The reply must repeat each entry exactly and contain no pictures.

(Records from a data collection)
+ + +
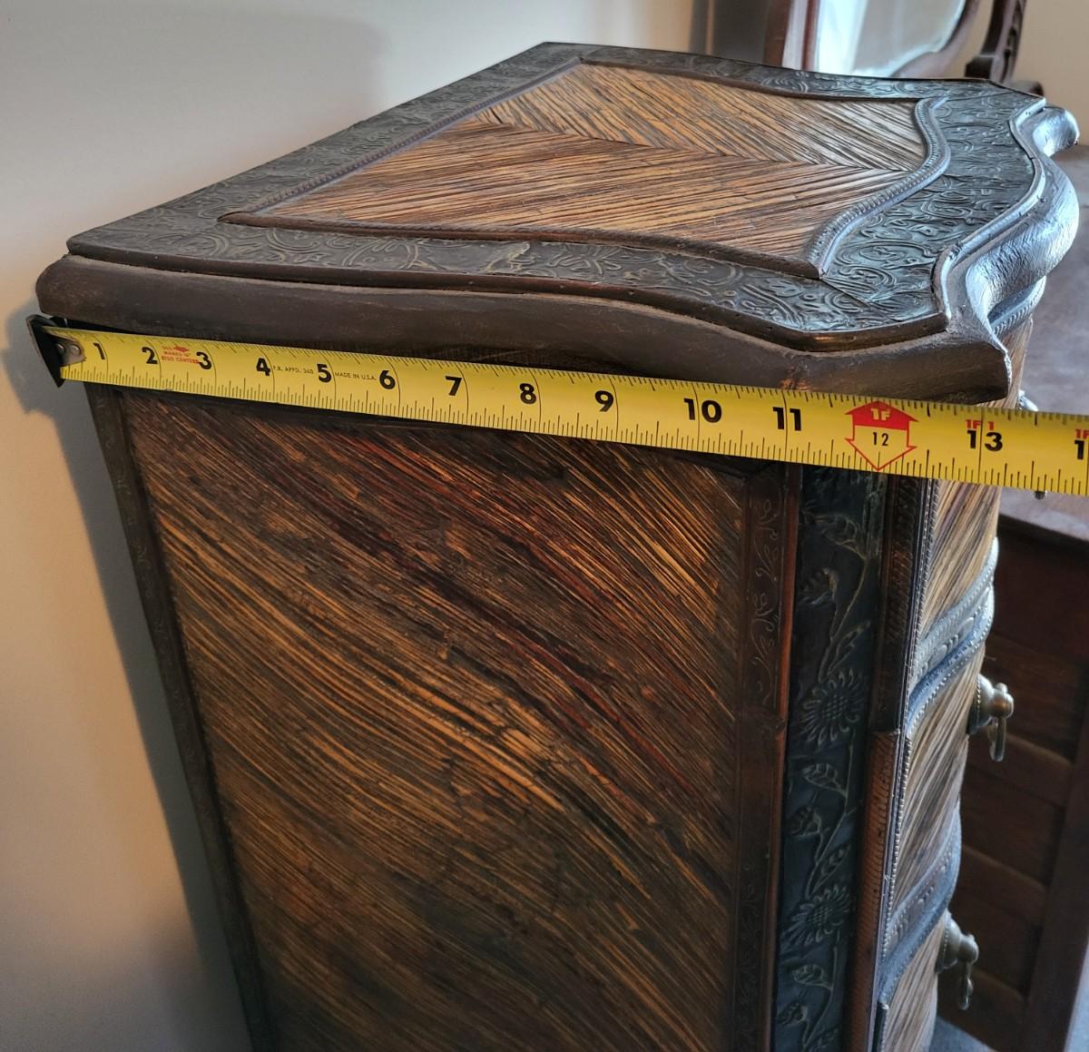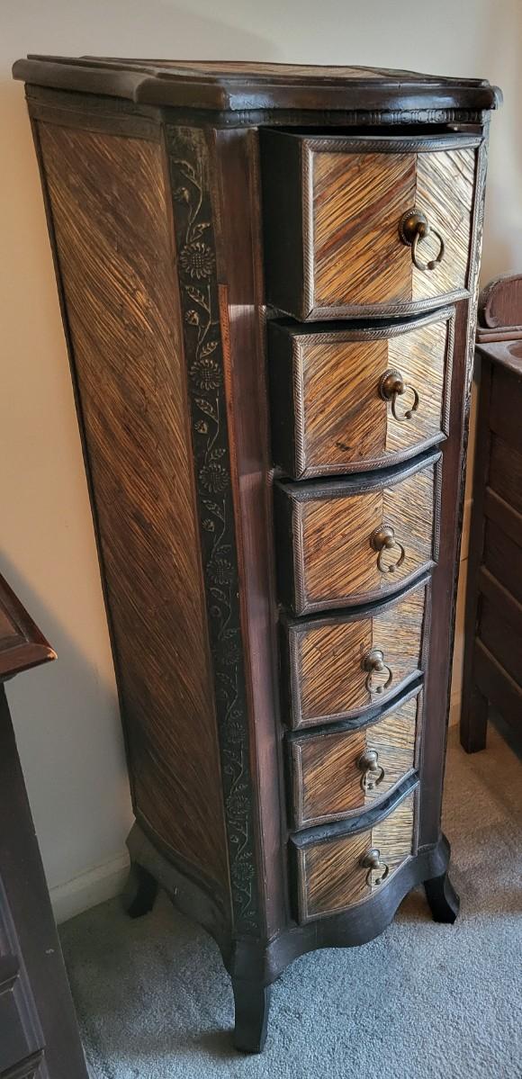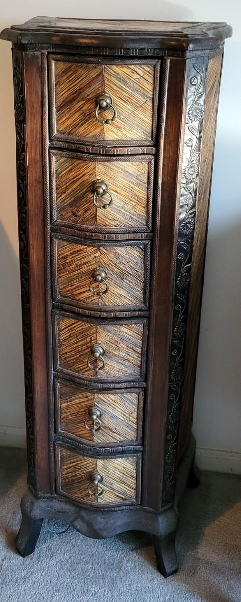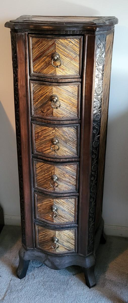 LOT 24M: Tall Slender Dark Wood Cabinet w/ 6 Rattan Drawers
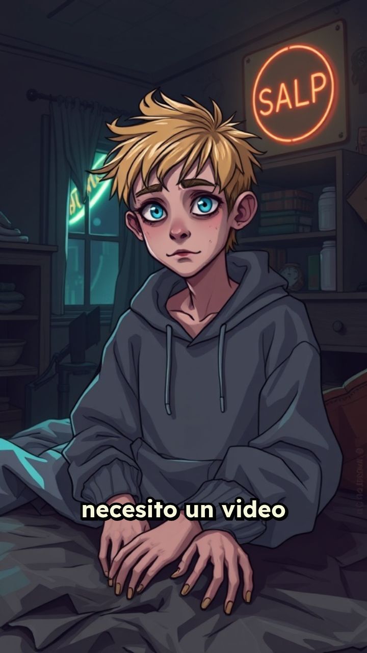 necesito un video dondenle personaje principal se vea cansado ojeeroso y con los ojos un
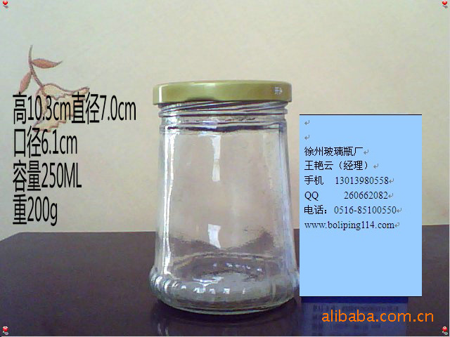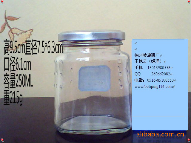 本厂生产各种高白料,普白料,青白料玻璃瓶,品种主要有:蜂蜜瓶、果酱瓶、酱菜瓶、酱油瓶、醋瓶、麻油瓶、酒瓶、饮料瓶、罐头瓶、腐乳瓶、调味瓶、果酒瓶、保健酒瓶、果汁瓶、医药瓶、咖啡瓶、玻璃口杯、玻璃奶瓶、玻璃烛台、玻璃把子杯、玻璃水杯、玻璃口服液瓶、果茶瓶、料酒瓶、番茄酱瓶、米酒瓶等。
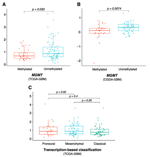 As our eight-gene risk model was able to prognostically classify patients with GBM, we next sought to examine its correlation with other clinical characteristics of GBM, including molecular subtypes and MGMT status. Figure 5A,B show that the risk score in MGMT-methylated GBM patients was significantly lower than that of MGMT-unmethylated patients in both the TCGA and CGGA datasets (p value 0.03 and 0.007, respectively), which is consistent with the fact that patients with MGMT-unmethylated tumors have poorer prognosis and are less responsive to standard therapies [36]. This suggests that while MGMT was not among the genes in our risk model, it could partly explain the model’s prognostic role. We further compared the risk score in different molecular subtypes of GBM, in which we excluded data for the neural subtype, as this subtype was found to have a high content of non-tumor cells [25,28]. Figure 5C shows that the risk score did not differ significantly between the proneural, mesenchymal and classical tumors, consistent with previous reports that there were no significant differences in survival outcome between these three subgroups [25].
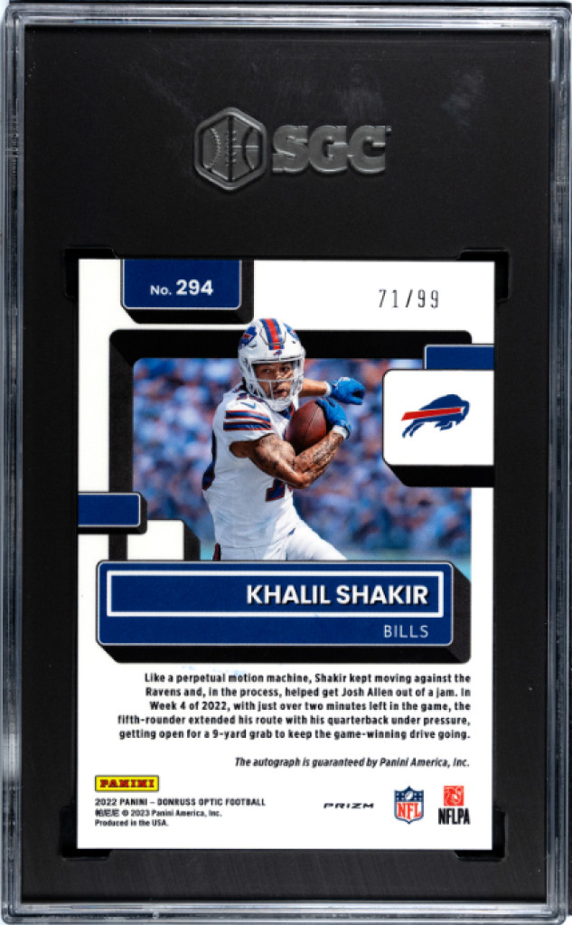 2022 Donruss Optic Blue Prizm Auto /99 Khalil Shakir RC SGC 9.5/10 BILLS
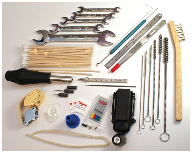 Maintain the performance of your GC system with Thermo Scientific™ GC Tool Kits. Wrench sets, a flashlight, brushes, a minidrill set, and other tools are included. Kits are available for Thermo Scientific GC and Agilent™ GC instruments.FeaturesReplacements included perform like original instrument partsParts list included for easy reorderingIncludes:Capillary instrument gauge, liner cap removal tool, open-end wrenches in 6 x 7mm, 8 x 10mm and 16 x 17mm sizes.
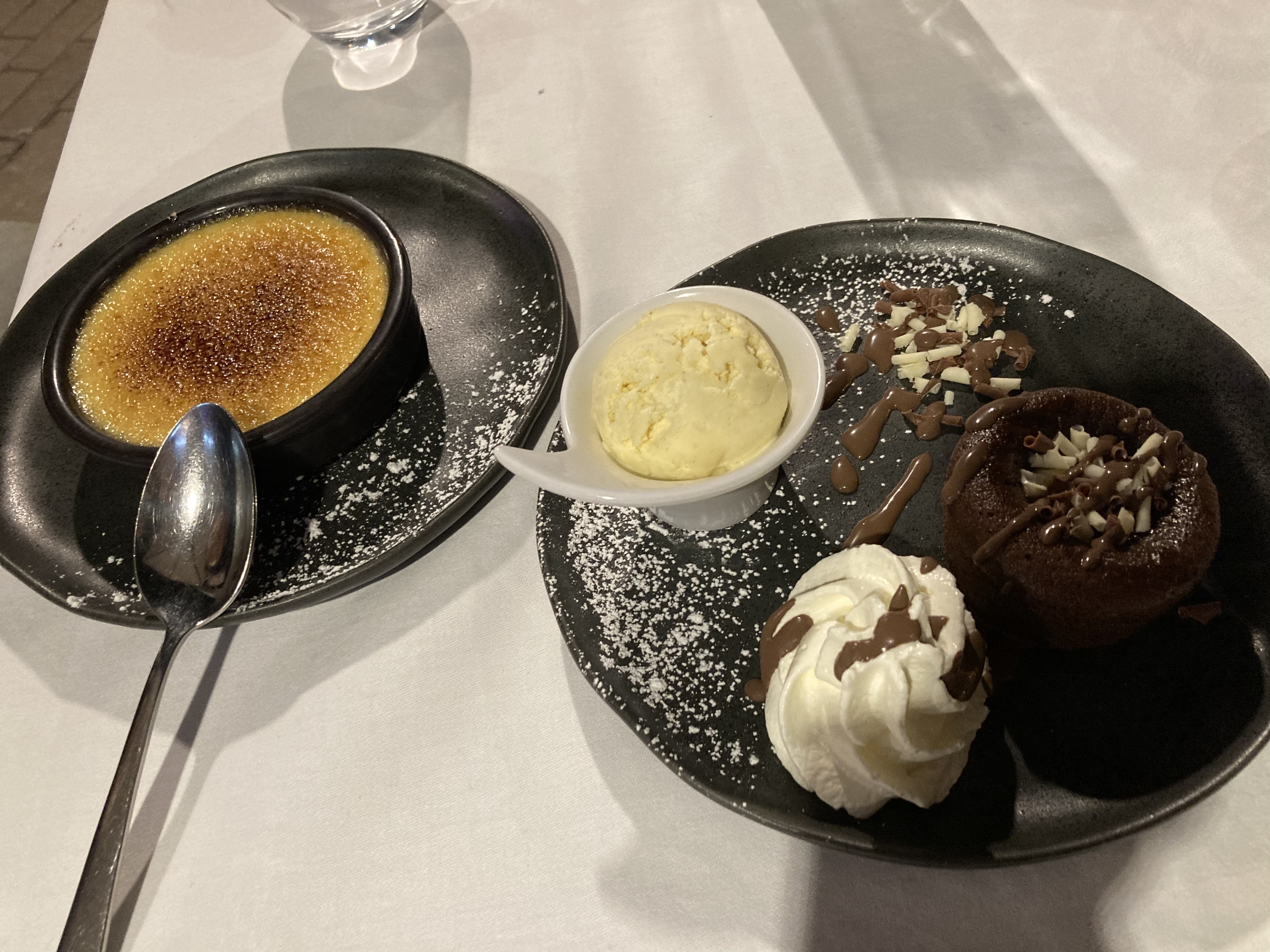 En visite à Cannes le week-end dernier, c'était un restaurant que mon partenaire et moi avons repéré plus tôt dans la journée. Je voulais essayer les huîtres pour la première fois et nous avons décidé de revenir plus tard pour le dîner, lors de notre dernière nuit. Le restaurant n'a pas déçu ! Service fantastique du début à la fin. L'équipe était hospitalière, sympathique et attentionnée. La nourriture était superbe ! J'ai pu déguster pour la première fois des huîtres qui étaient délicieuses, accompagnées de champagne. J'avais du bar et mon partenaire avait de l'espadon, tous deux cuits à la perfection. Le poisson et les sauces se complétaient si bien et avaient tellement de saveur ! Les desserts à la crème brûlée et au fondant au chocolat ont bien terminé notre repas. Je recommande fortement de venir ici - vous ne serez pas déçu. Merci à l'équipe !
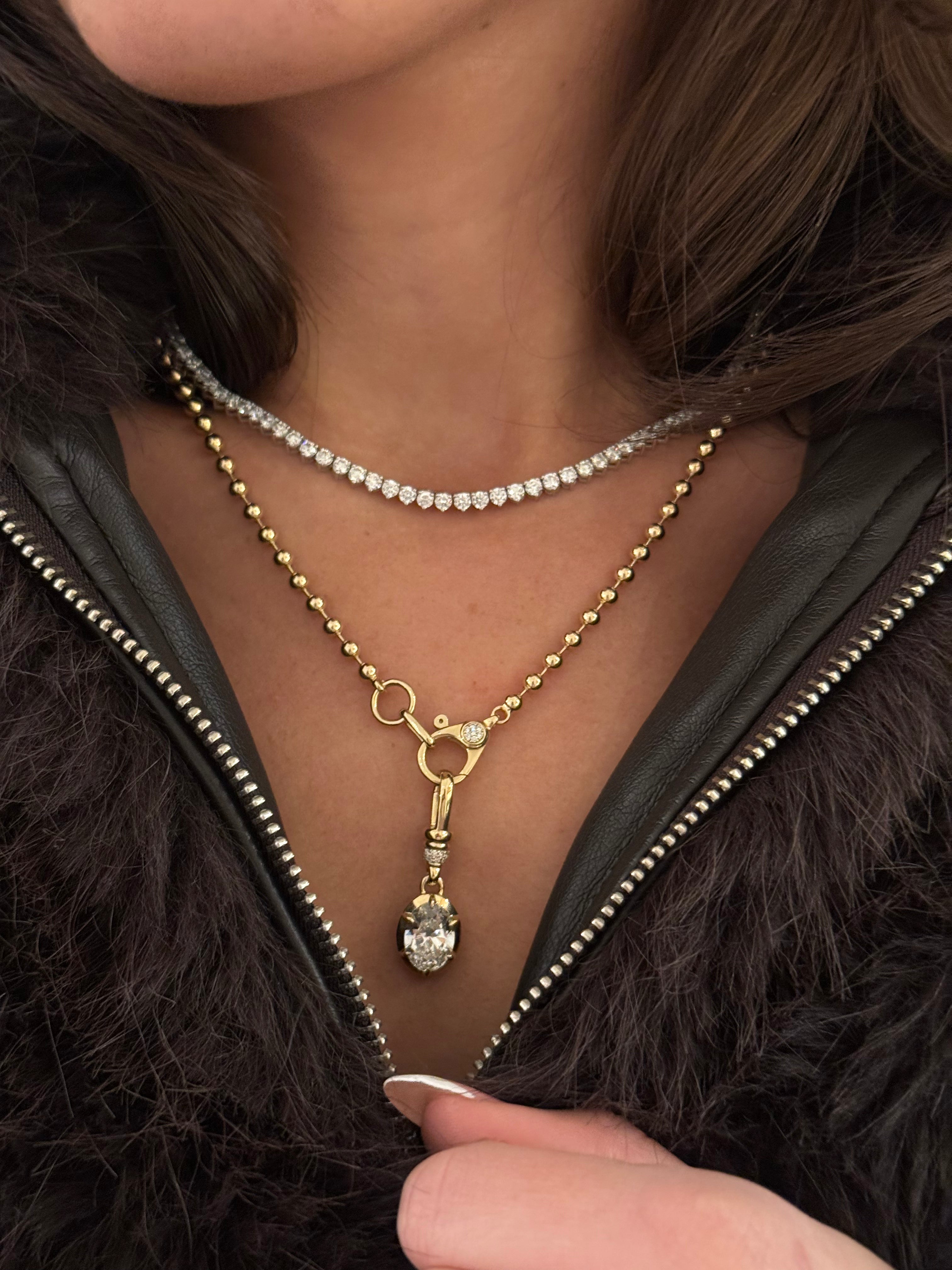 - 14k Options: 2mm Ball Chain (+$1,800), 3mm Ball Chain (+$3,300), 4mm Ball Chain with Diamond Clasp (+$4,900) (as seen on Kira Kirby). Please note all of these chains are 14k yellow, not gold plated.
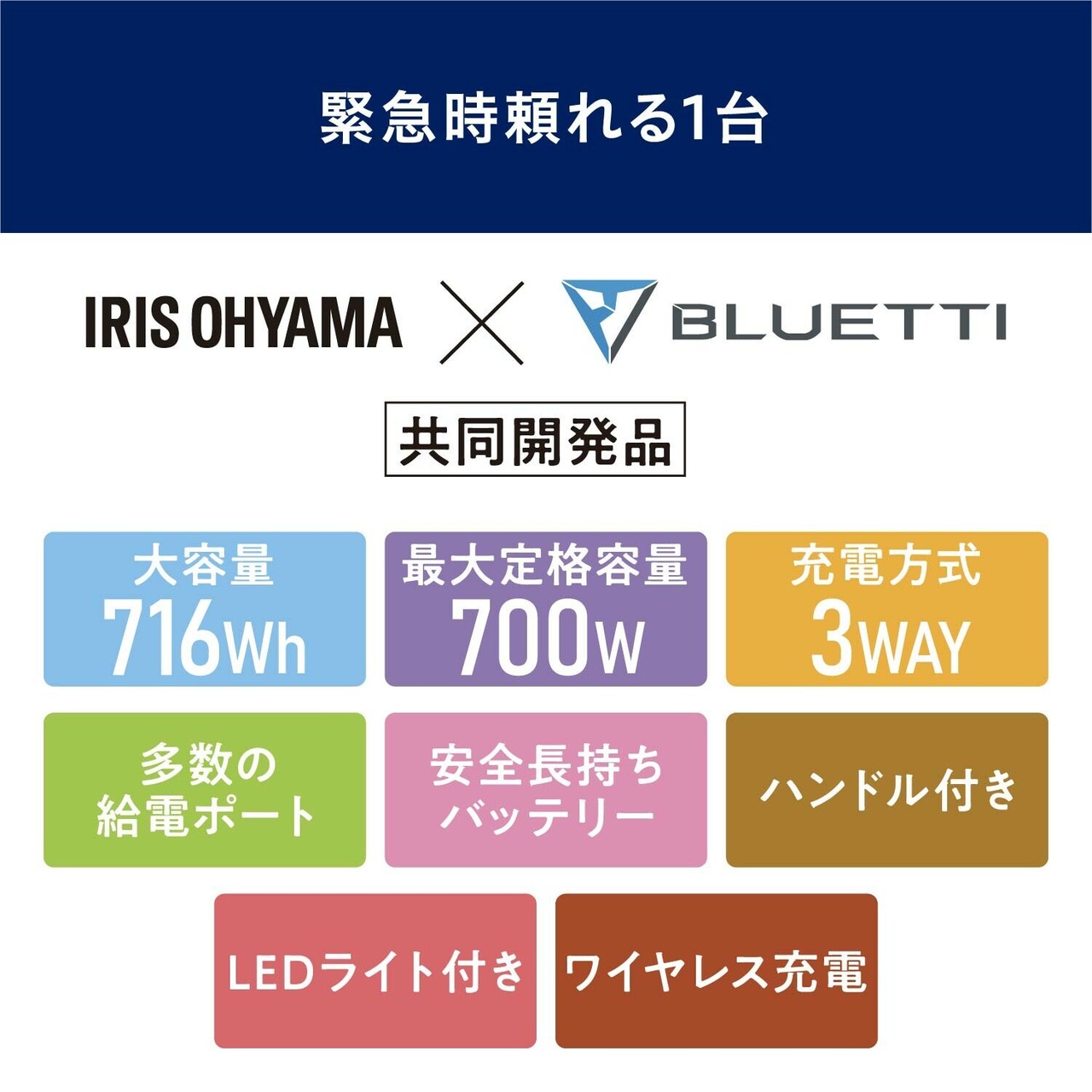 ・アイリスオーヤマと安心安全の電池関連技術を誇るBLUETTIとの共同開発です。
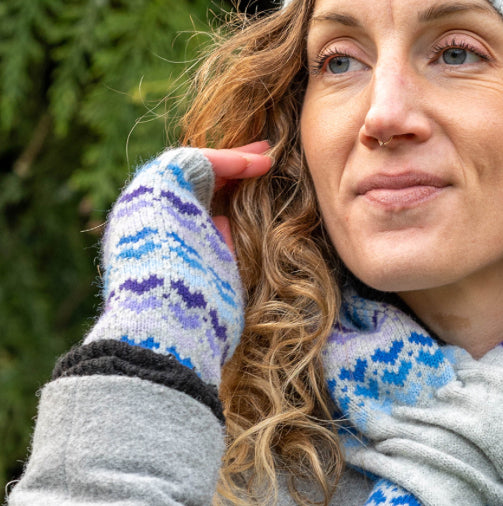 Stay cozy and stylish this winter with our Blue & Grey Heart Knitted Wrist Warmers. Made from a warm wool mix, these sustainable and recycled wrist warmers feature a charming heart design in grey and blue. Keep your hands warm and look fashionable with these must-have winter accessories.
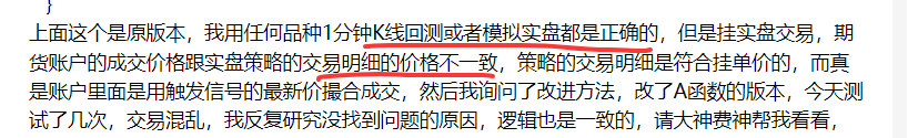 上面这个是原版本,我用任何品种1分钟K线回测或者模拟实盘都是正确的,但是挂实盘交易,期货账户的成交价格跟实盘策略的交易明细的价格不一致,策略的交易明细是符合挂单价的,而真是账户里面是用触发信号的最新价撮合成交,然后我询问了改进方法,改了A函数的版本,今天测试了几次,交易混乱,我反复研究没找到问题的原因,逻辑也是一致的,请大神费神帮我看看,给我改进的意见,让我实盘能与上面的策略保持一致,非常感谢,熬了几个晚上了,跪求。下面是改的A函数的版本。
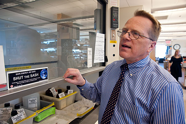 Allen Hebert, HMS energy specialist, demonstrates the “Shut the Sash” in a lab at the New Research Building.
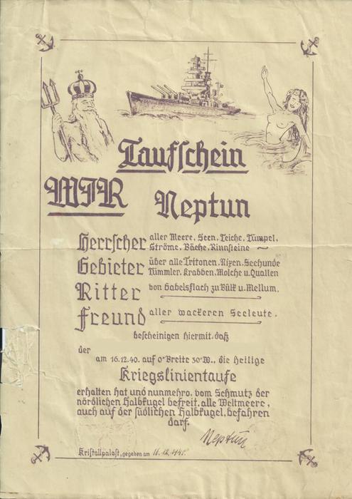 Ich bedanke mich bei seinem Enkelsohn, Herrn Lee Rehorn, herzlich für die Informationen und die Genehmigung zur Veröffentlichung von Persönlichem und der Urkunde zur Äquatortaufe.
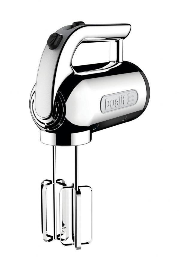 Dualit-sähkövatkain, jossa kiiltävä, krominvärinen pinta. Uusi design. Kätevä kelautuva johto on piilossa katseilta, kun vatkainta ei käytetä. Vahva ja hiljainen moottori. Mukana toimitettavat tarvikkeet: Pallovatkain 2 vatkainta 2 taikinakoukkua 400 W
+ + +
= OUTPUT OF THE EXERCISE =
 LOT 24M: Tall Slender Dark Wood Cabinet w/ 6 Rattan Drawers
 necesito un video dondenle personaje principal se vea cansado ojeeroso y con los ojos un
 本厂生产各种高白料,普白料,青白料玻璃瓶,品种主要有:蜂蜜瓶、果酱瓶、酱菜瓶、酱油瓶、醋瓶、麻油瓶、酒瓶、饮料瓶、罐头瓶、腐乳瓶、调味瓶、果酒瓶、保健酒瓶、果汁瓶、医药瓶、咖啡瓶、玻璃口杯、玻璃奶瓶、玻璃烛台、玻璃把子杯、玻璃水杯、玻璃口服液瓶、果茶瓶、料酒瓶、番茄酱瓶、米酒瓶等。
 As our eight-gene risk model was able to prognostically classify patients with GBM, we next sought to examine its correlation with other clinical characteristics of GBM, including molecular subtypes and MGMT status. Figure 5A,B show that the risk score in MGMT-methylated GBM patients was significantly lower than that of MGMT-unmethylated patients in both the TCGA and CGGA datasets (p value 0.03 and 0.007, respectively), which is consistent with the fact that patients with MGMT-unmethylated tumors have poorer prognosis and are less responsive to standard therapies [36]. This suggests that while MGMT was not among the genes in our risk model, it could partly explain the model’s prognostic role. We further compared the risk score in different molecular subtypes of GBM, in which we excluded data for the neural subtype, as this subtype was found to have a high content of non-tumor cells [25,28]. Figure 5C shows that the risk score did not differ significantly between the proneural, mesenchymal and classical tumors, consistent with previous reports that there were no significant differences in survival outcome between these three subgroups [25].
 2022 Donruss Optic Blue Prizm Auto /99 Khalil Shakir RC SGC 9.5/10 BILLS
 Maintain the performance of your GC system with Thermo Scientific™ GC Tool Kits. Wrench sets, a flashlight, brushes, a minidrill set, and other tools are included. Kits are available for Thermo Scientific GC and Agilent™ GC instruments.FeaturesReplacements included perform like original instrument partsParts list included for easy reorderingIncludes:Capillary instrument gauge, liner cap removal tool, open-end wrenches in 6 x 7mm, 8 x 10mm and 16 x 17mm sizes.
 En visite à Cannes le week-end dernier, c'était un restaurant que mon partenaire et moi avons repéré plus tôt dans la journée. Je voulais essayer les huîtres pour la première fois et nous avons décidé de revenir plus tard pour le dîner, lors de notre dernière nuit. Le restaurant n'a pas déçu ! Service fantastique du début à la fin. L'équipe était hospitalière, sympathique et attentionnée. La nourriture était superbe ! J'ai pu déguster pour la première fois des huîtres qui étaient délicieuses, accompagnées de champagne. J'avais du bar et mon partenaire avait de l'espadon, tous deux cuits à la perfection. Le poisson et les sauces se complétaient si bien et avaient tellement de saveur ! Les desserts à la crème brûlée et au fondant au chocolat ont bien terminé notre repas. Je recommande fortement de venir ici - vous ne serez pas déçu. Merci à l'équipe !
 - 14k Options: 2mm Ball Chain (+$1,800), 3mm Ball Chain (+$3,300), 4mm Ball Chain with Diamond Clasp (+$4,900) (as seen on Kira Kirby). Please note all of these chains are 14k yellow, not gold plated.
 ・アイリスオーヤマと安心安全の電池関連技術を誇るBLUETTIとの共同開発です。
 Stay cozy and stylish this winter with our Blue & Grey Heart Knitted Wrist Warmers. Made from a warm wool mix, these sustainable and recycled wrist warmers feature a charming heart design in grey and blue. Keep your hands warm and look fashionable with these must-have winter accessories.
 上面这个是原版本,我用任何品种1分钟K线回测或者模拟实盘都是正确的,但是挂实盘交易,期货账户的成交价格跟实盘策略的交易明细的价格不一致,策略的交易明细是符合挂单价的,而真是账户里面是用触发信号的最新价撮合成交,然后我询问了改进方法,改了A函数的版本,今天测试了几次,交易混乱,我反复研究没找到问题的原因,逻辑也是一致的,请大神费神帮我看看,给我改进的意见,让我实盘能与上面的策略保持一致,非常感谢,熬了几个晚上了,跪求。下面是改的A函数的版本。
 Allen Hebert, HMS energy specialist, demonstrates the “Shut the Sash” in a lab at the New Research Building.
 Ich bedanke mich bei seinem Enkelsohn, Herrn Lee Rehorn, herzlich für die Informationen und die Genehmigung zur Veröffentlichung von Persönlichem und der Urkunde zur Äquatortaufe.
 Dualit-sähkövatkain, jossa kiiltävä, krominvärinen pinta. Uusi design. Kätevä kelautuva johto on piilossa katseilta, kun vatkainta ei käytetä. Vahva ja hiljainen moottori. Mukana toimitettavat tarvikkeet: Pallovatkain 2 vatkainta 2 taikinakoukkua 400 W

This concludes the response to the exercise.